Mark Rouleau (30 Sep 2005)
"[PCUSANEWS] Pope meets with rebel theologian Hans Kung"


This is an important heads up.  Note the ecumenical tone of the authors.


Note #8937 from PCUSA NEWS to PRESBYNEWS:
 

05223 Sept. 28, 2005

Pope meets with rebel theologian Hans Kung

by Luigi Sandri Ecumenical News International

ROME - After meeting with Pope Benedict XVI at the pontiff's summer residence, dissident Roman Catholic theologian Hans Kung says he is hoping for new openness from the Vatican.

"I hope that my meeting with the Pope is a sign that the great problems facing the church and its faithful will be re-discussed in an open fashion," Kung told the Italian daily newspaper, La Republica, after the Sept. 24 meeting.

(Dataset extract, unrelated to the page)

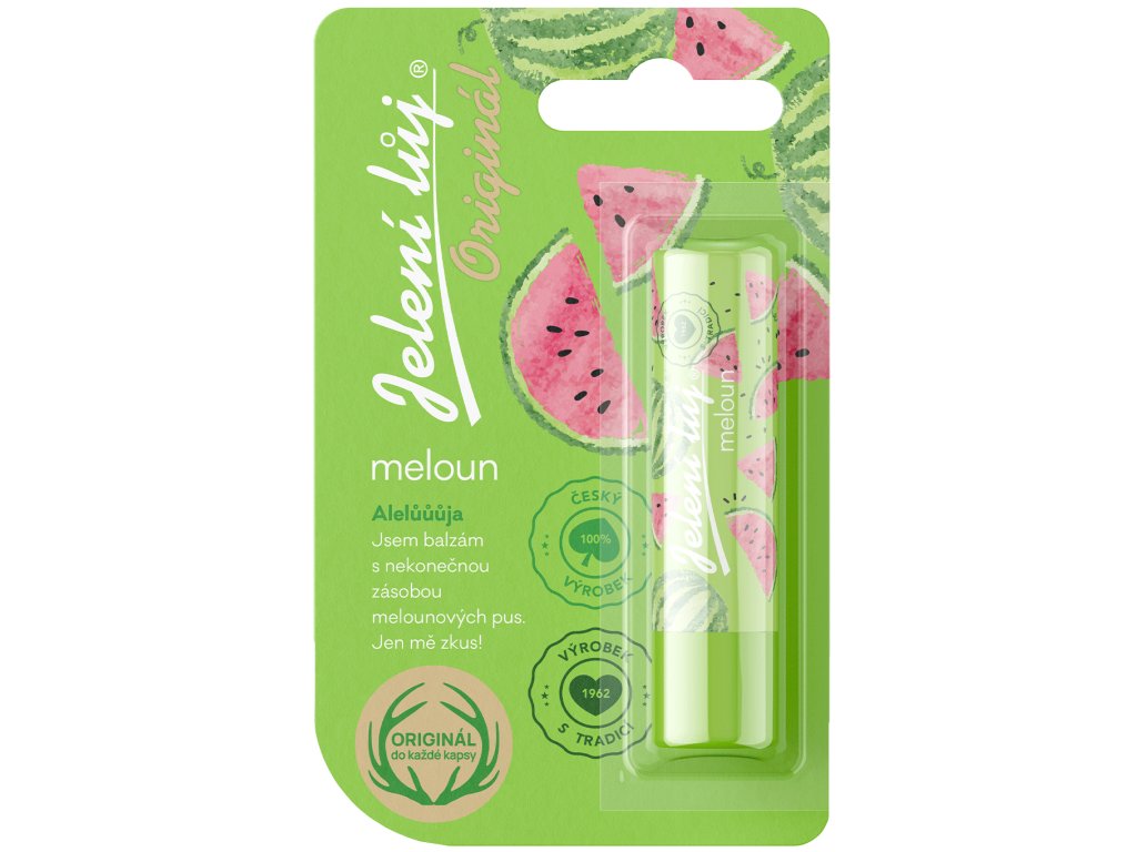Oslaď rtíky melounem | Chutná jako cukrová vata a sladký polibek uprostřed rozpálené pláže. Klepou se ti kolena? Aby ne, takovou slaďárnu člověk jen tak nezažije. Oslň leskem celou zem | Netvař se jak pecka a rozdávej úsměvy na potkání. Melounový Jelení lůj pokrývá rty jemně lesklým filmem, který ti dodá neodolatelné sebevědomí. Slunce, pusy, hurá ven | Nebojíš se dělat vymelouniny! Jistota klidného úsměvu roste také s pocitem bezpečí. Jelení lůj poskytuje takovou ochranu rtů, že si budeš připadat bezpečně i při největších loupežničinách nebo třeba nepřízních počasí. Tvůj úsměv zůstane díky ochranné vrstvě stoprocentní pod kanonádou slunečních paprsků i kapek deště velkých jak trakaře.

Kung's license to teach Catholic theology was revoked by the Vatican in 1979 because he departed from church dogma on concepts such as papal infallibility and the virgin birth. Kung's efforts to arrange a meeting with Benedict's predecessor, Pope John Paul II, were unsuccessful.

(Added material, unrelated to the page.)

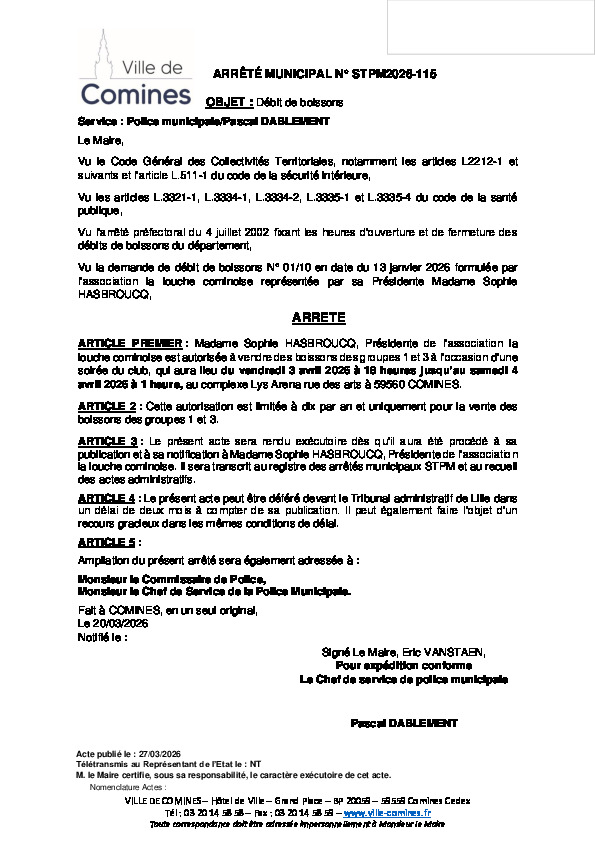 Ouverture d'un débit de boissons par l'association La louche cominoise les 03 et 04/04/2026

Kung, a native of Switzerland, is known as a pioneer in dialogue with non-Christians through his Global Ethic Foundation. He and Pope Benedict met in a "friendly atmosphere," according to Vatican spokesperson Joaquin Navarro Valls.

Kung and the pope agreed that it made "no sense, in the framework of the meeting, to enter into a dispute on the persistent doctrinal differences" between Kung and the Vatican.

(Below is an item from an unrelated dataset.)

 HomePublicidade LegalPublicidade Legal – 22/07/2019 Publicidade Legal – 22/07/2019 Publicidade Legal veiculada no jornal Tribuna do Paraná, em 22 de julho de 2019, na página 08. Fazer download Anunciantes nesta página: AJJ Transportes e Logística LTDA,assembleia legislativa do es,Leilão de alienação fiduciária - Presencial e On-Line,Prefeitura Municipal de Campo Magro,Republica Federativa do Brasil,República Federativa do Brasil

Instead, Benedict praised Kung's efforts "to contribute to a renewed recognition of the essential values of humanity through the dialogue of religions and the encounter with secular reason," Navarro Valls said. Kung applauded Benedict's efforts to foster dialogue between religions.

Benedict was known as Joseph Ratzinger when he was Kung's colleague at Tubingen University in Germany. After 1981, when Ratzinger became the guardian of Vatican orthodoxy as Prefect of the Congregation for the Doctrine of the Faith, he and Kung found themselves at odds.

Kung told the German newspaper Die Sueddeutsche Zeitung that his meeting with Benedict was a "sign of hope."

In August, the pope met with Bishop Bernard Fellay, a leader of the Catholic traditionalist movement founded by the French Archbishop Marcel Lefebvre, who opposed the reforms of the Second Vatican Council and was excommunicated in 1976 by Pope John Paul II.

The Italian media have reacted positively to Pope Benedict's willingness to talk to the Vatican's doctrinal opponents.

The Catholic news agency Zenit described the meeting between the Pope and Kung as "a further gesture of conciliation." The Milan newspaper Corriere della Sera wrote: "The Pope's meetings with Bernard Fellay and Hans Kung have not resolved any issues, but have broken the ice in which Pope John Paul II had frozen contacts with dissident sections of Catholicism for a quarter of a century."